Your objective -
Your output should consist of the lines from the first line of the records below through the one with "Con il suo design", exactly, minus the pictures.
══ Record set
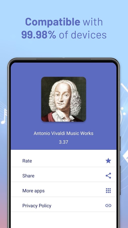 Скачайте приложение Антонио Вивальди Музыка для Android бесплатно - последняя версия (3.39) уже доступна для установки на ваш телефон или планшет.
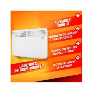 Con il suo design moderno e minimalista, questo convettore a parete si integra armoniosamente in tutti gli stili d'interni. Il suo colore bianco neutro si fonde discretamente nell'arredamento. Compatto e poco ingombrante, libera spazio a terra pur garantendo un riscaldamento efficiente. L'installazione di questo radiatore elettrico è un gioco da ragazzi. Basta fissarlo saldamente alla parete utilizzando il kit di montaggio fornito. Il suo collegamento elettrico si effettua semplicemente su una presa di corrente standard. In pochi minuti, il vostro nuovo riscaldamento supplementare è operativo per portarvi comfort e benessere.
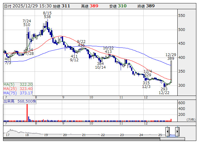 WASHハウ <日足> 「株探」多機能チャートよりマルマエ<6264>=上げ足強め7連騰。年初来高値に急接近した。前週末26日の取引終了後、26年8月期第1四半期(9~11月)の連結決算を発表した。売上高は42億4400万円、営業利益は7億100万円となり、営業利益は中間期の計画に対して進捗率が58%と順調だった。半導体向けで好調さを維持しており、見直し買いが加速したようだ。同社は4月にKMアルミニウムを子会社化し、25年3~5月期より連結決算に移行した。単独決算で前年同期となる25年8月期第1四半期(9~11月)は、売上高が19億1100万円、営業利益が4億4400万円。単純比較はできないものの前年同期の水準に対し、今回発表の売上高は2.2倍、営業利益は58%増となる。精密部品事業ではフラットパネルディスプレイ(FPD)向けが低調となったが、主力の半導体分野では納期の前倒し要求が出始めて数量も増加傾向にあるという。機能材料事業も半導体工場の高稼働などを背景に想定よりも好調に推移し、同事業においてIT器材分野ではメモリー向けも伸長したとしている。
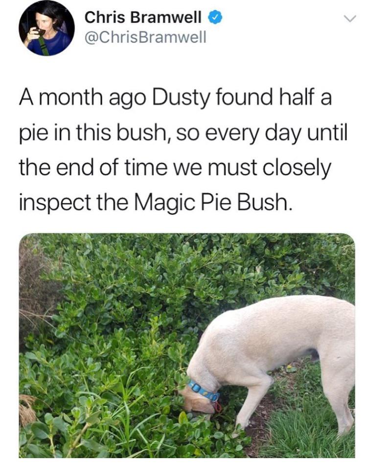 The owner should put treats in that bush for Dusty to find.
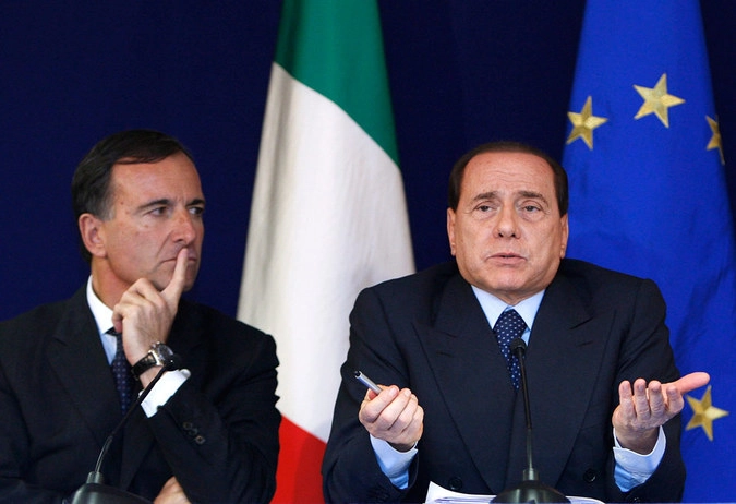 Министр иностранных дел Италии Марко Фраттини (слева) и премьер-министр Италии Сильвио Берлускони (справа). © Yves Herman/Reuters
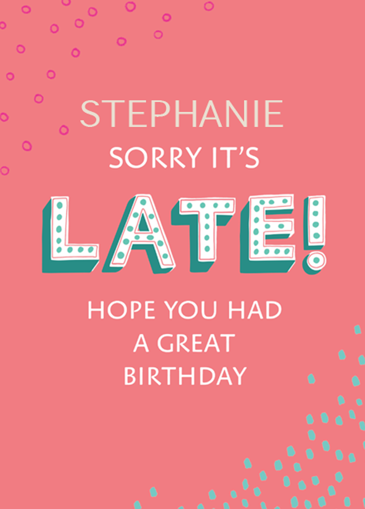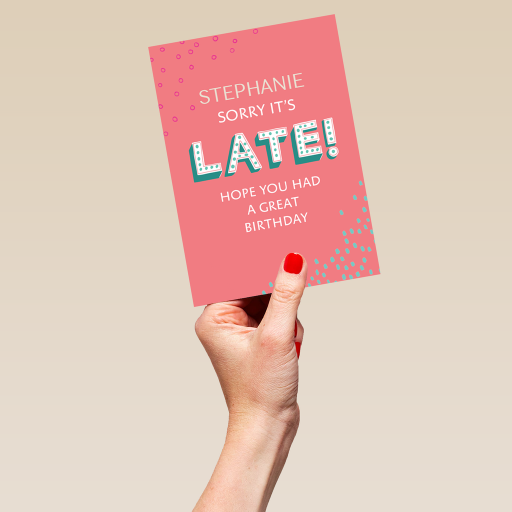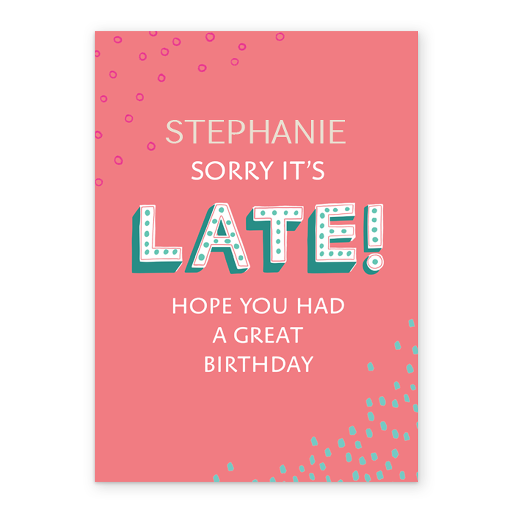 Personalised Belated Birthday Sorry Card
════
Result of this exercise -
 Скачайте приложение Антонио Вивальди Музыка для Android бесплатно - последняя версия (3.39) уже доступна для установки на ваш телефон или планшет.
 Con il suo design moderno e minimalista, questo convettore a parete si integra armoniosamente in tutti gli stili d'interni. Il suo colore bianco neutro si fonde discretamente nell'arredamento. Compatto e poco ingombrante, libera spazio a terra pur garantendo un riscaldamento efficiente. L'installazione di questo radiatore elettrico è un gioco da ragazzi. Basta fissarlo saldamente alla parete utilizzando il kit di montaggio fornito. Il suo collegamento elettrico si effettua semplicemente su una presa di corrente standard. In pochi minuti, il vostro nuovo riscaldamento supplementare è operativo per portarvi comfort e benessere.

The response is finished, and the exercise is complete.